What is expected: When you return the data, keep every line exactly as it is and leave out the pictures.

Stored data:
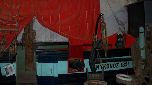 Around the "Mermelechas well"- a known pirate there are large and small traditional Aegean ship models, cannons and pictures of old Mykonian sailing and steamships.
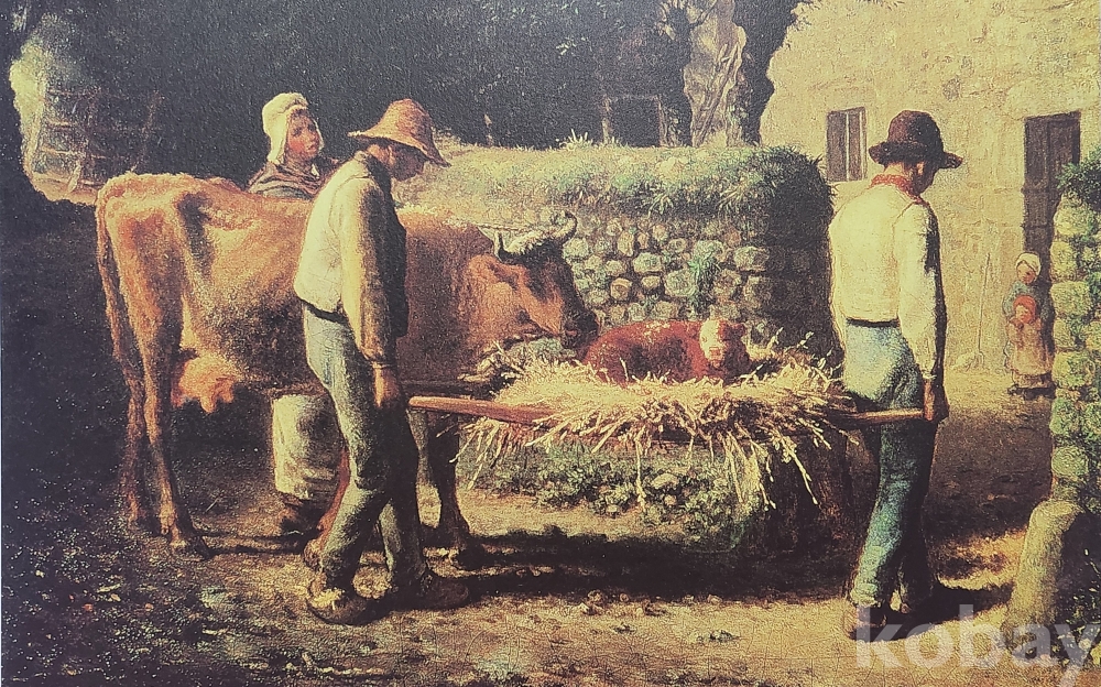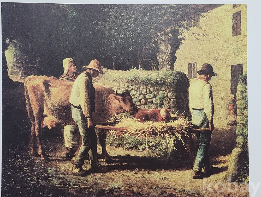 프랑스 유명화가 장프랑수아 밀레(Jeanㅡ Francois )대표작품 "송아지의 탄생"압인(壓印)판화입니다,
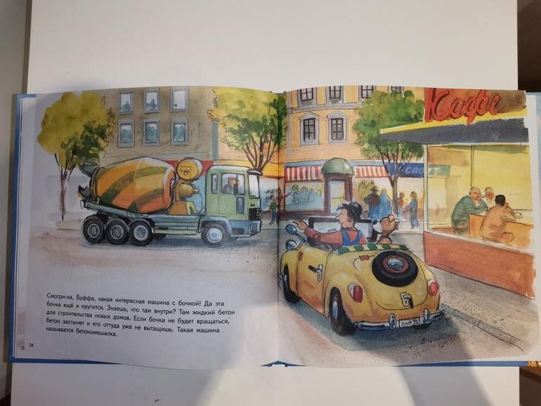 Удобный формат и текст, понятный для 2-х летнего ребенка, учитывая, что мы живем в городе и машины видим регулярно.

Answer box:
 Around the "Mermelechas well"- a known pirate there are large and small traditional Aegean ship models, cannons and pictures of old Mykonian sailing and steamships.
 프랑스 유명화가 장프랑수아 밀레(Jeanㅡ Francois )대표작품 "송아지의 탄생"압인(壓印)판화입니다,
 Удобный формат и текст, понятный для 2-х летнего ребенка, учитывая, что мы живем в городе и машины видим регулярно.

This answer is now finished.